8. Transfer the developing chamber to the fume hood indicated in the pre-lab talk. Add 50 ml of solvent to the container, cover it, and leave it to equilibrate for 5 minutes
9. Staple the short (5 inch) sides of the paper together so they do not overlap. This should produce a tube with the crushed fly heads on the inside near the bottom. Label the tube with a pencil near the edge.
10. Place the chromatogram in the developing chamber. (The fly heads should be at the bottom, and the solvent should not cover the fly heads.) Make sure that the chromatogram does not touch the sides of the developing chamber.
11. Close the container securely. Develop for 90 minutes.
12. After 90 minutes, remove the chromatogram from the solvent. Mark the furthest position reached by the solvent. Dry in the box in the fume hood for 5 minutes.

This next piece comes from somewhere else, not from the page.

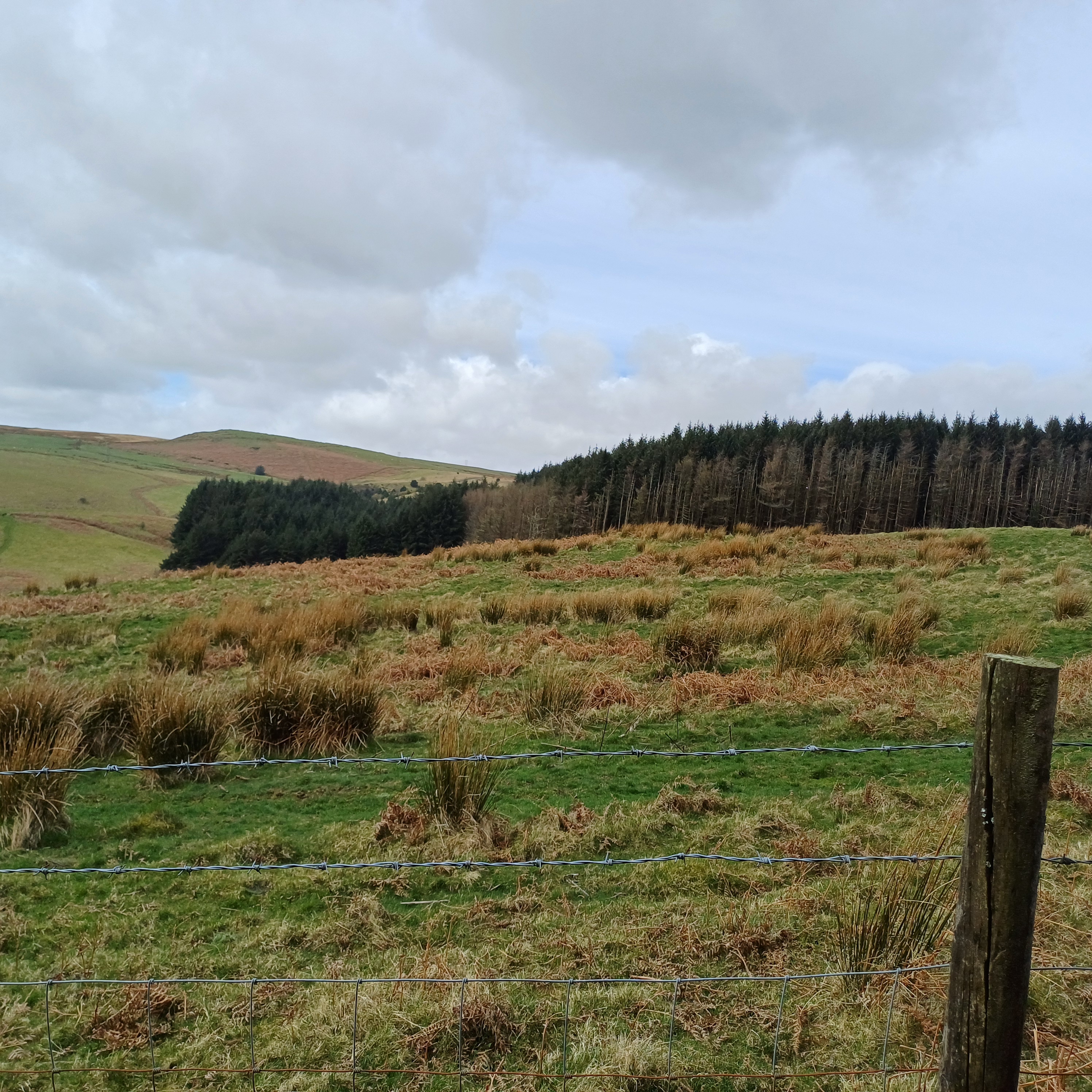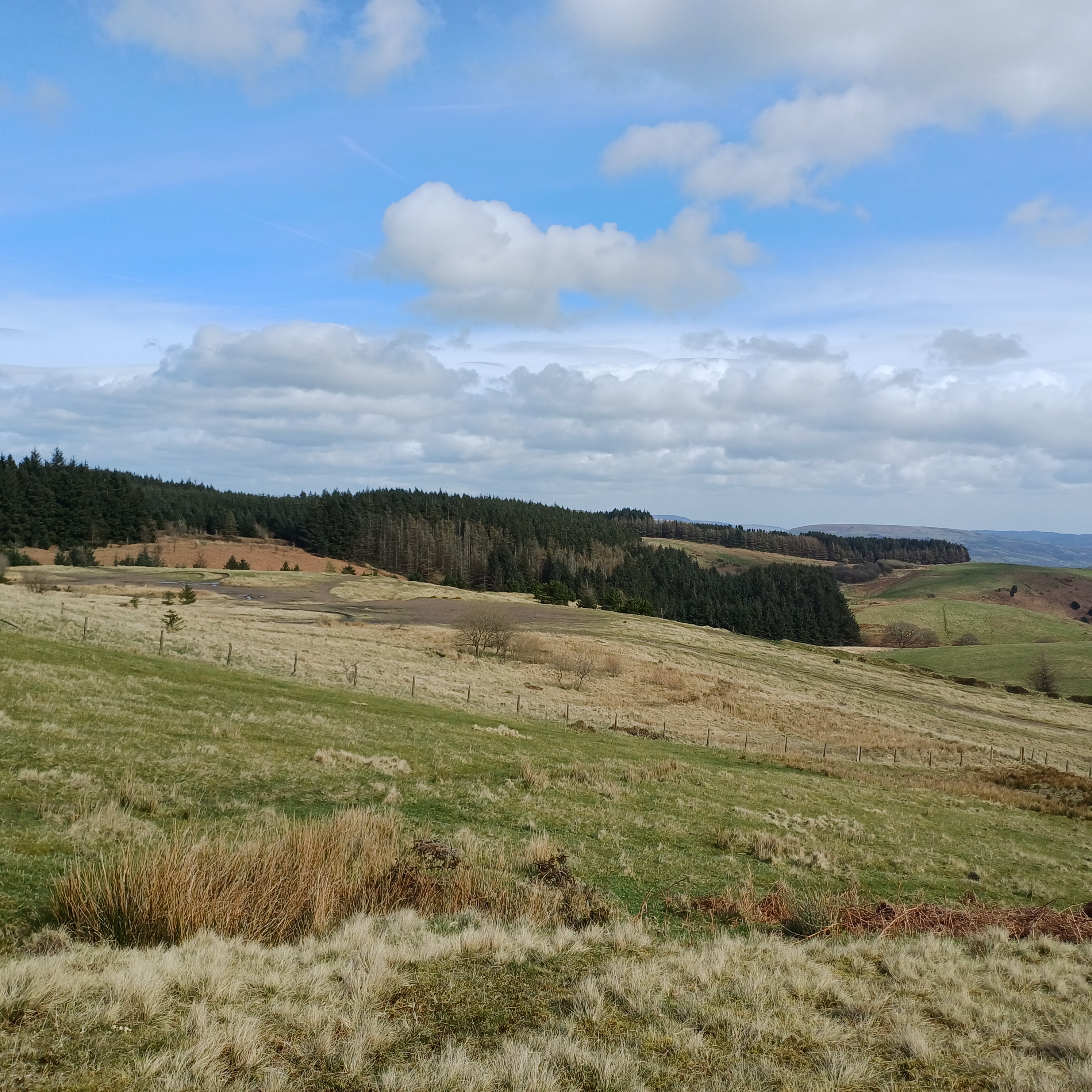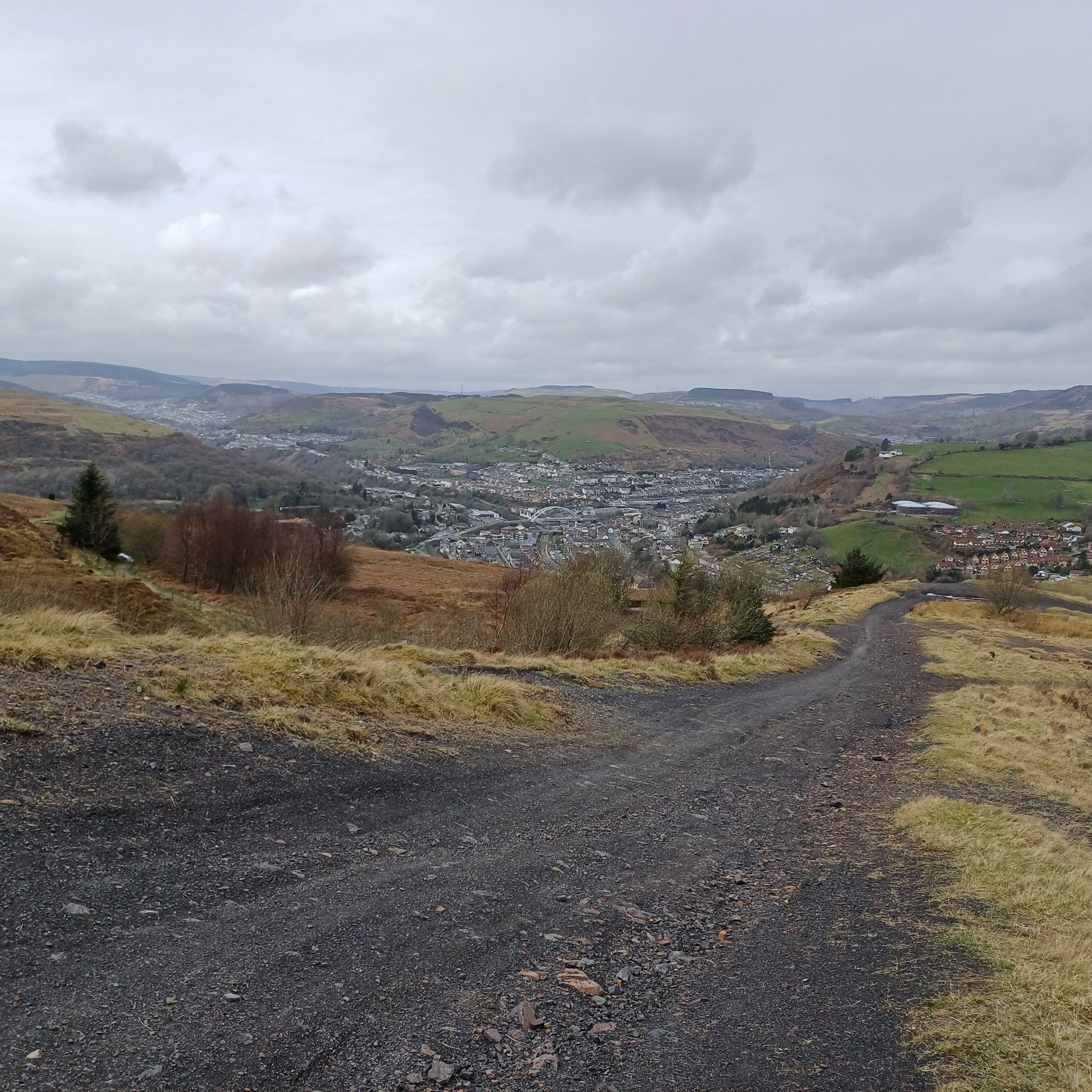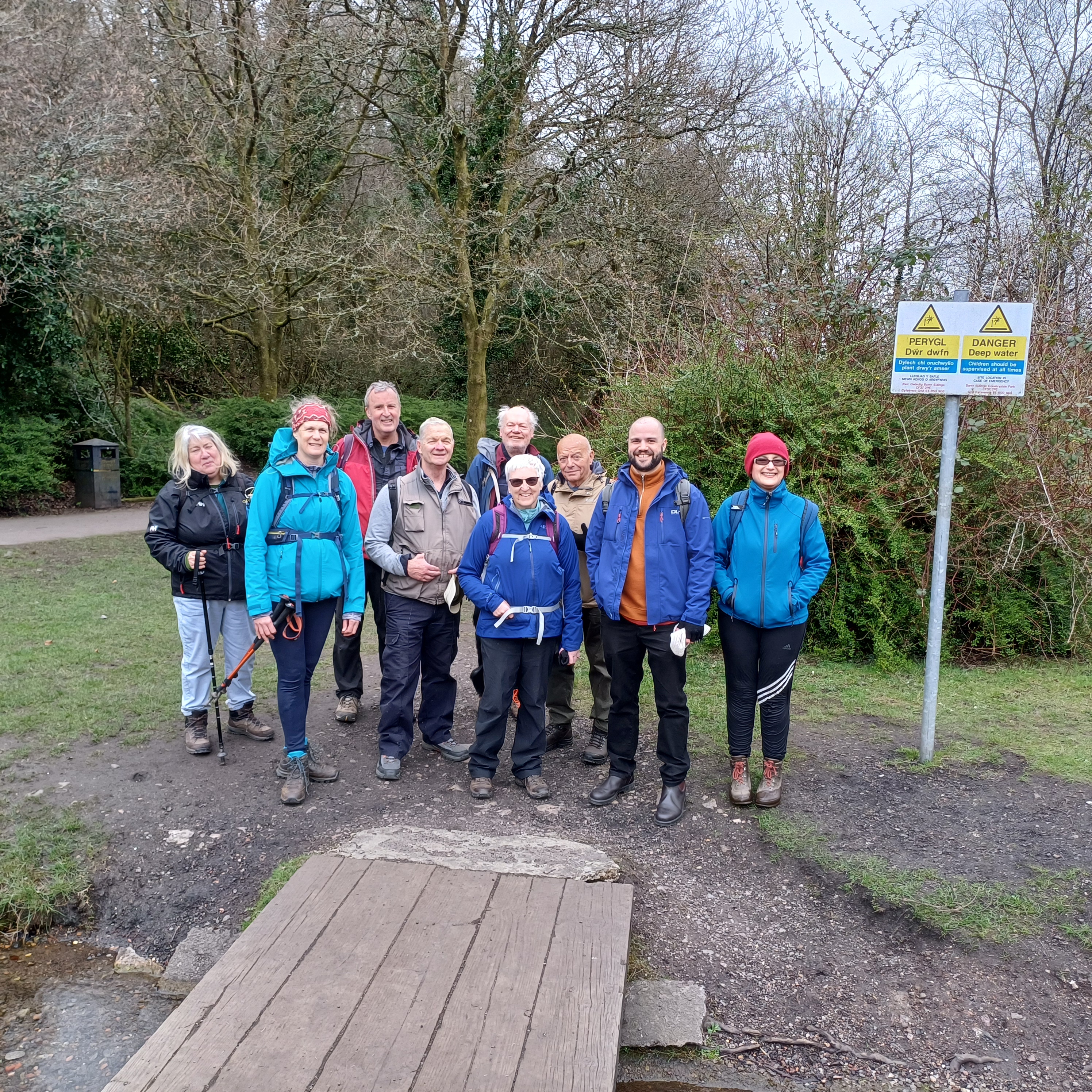 Another rather chilly start to our walk today with some of the usual suspects and visitors Ros, Chris and Eifion. So the 11 of us started the long but not too taxing ascent, through the forest, to Mynydd Gewillion. Having climbed for 2.5miles it was time for a coffee break with a view. Refreshed we set off, downhill this time towards and past Ty Draw farm. Leaving the road we encountered the first of our trip hazards brambles surrounded the stile - soon removed with the trusty secateurs. Across the fields to our next challenge a stile followed by a water jump all stayed dry and we sped on to the wobbly stile, which we skillfully dewobbled. It was now time to start climbing again up to Mynydd y Glyn, with the promise of the lunch stop in the foothills of the not so mighty mountain, we reached the ridge for a lunch with a view and some shelter from the biting wind. After lunch it was the last of stile challenges, this one had gone awol, so we climbed the fence instead. It was now all downhill and very downhill as we descended the old coal tips. As we descended we had some great views of the mining communities clustered on the hillside. Then it was a brisk walk along the Rhondda river back to the start.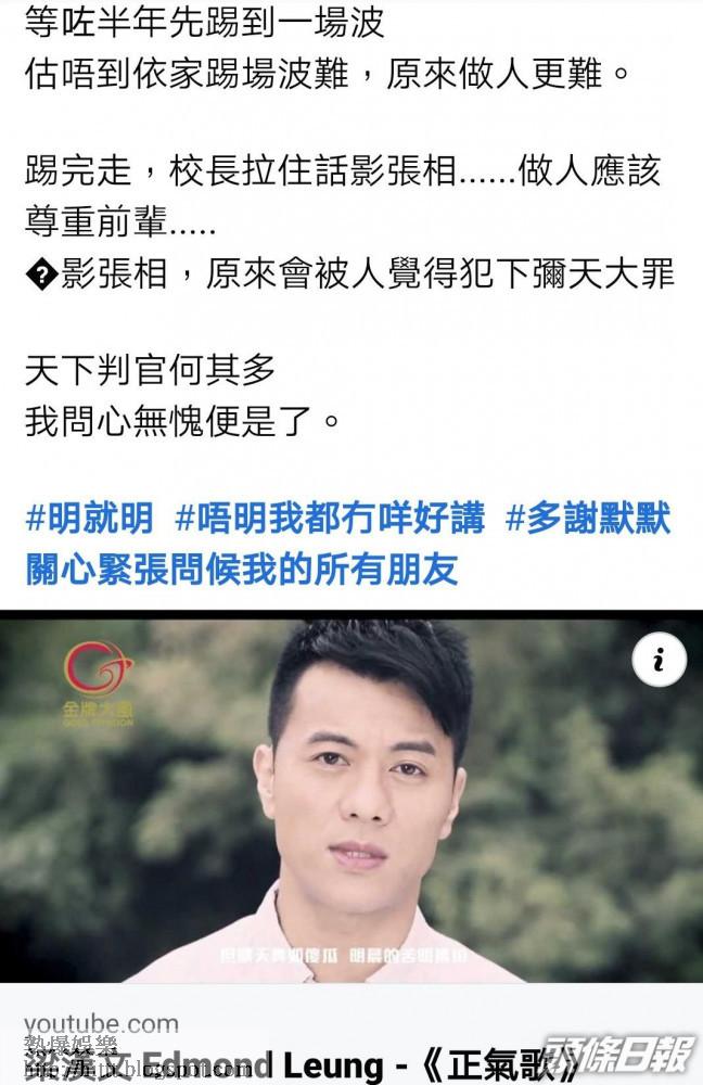 今日梁漢文透過個人FB 宣傳自己的作品《正氣歌》同時,發表個人立場。留言:「等咗半年先踢到一場波,估唔到𠵱家踢場波難,原來做人更難。踢完走,校長拉住話影張相......做人應該尊重前輩..... 影張相,原來會被人覺得犯下彌天大罪。天下判官何其多,我問心無愧便是了。 #明就明 #唔明我都冇咩好講 #多謝默默關心緊張問候我的所有朋友」

13. Remove the staples from the dry chromatogram and observe it under UV light. (Be sure to use UV goggles if box is opened during this procedure) Mark the position of the centre of each band visible on the chromatogram for each phenotype, and note the size and colour of each band for each phenotype.
There will be a short format report for this lab. You should identify which pigments are present in each phenotype, and note differences in amounts of the pigments from the wild type. For each pigment, calculate the Rf value for each of the pigments on your chromatogram. This is calculated by dividing the distance from the baseline (the location of the fly heads) to the centre of each pigment spot by the distance from the baseline to the solvent front. This value will vary between chromatograms, but should be consistent for each chromatogram, and may be useful in identifying which pigments are missing from mutant strains.
References:
Hadorn, E. (1962). Fractionating the fruit fly. Scientific American, 206: 100-110.
Ziegler, I. (1961). Genetic aspects of ommochrome and pterin pigments. Advances in Genetics, 10: 349-403.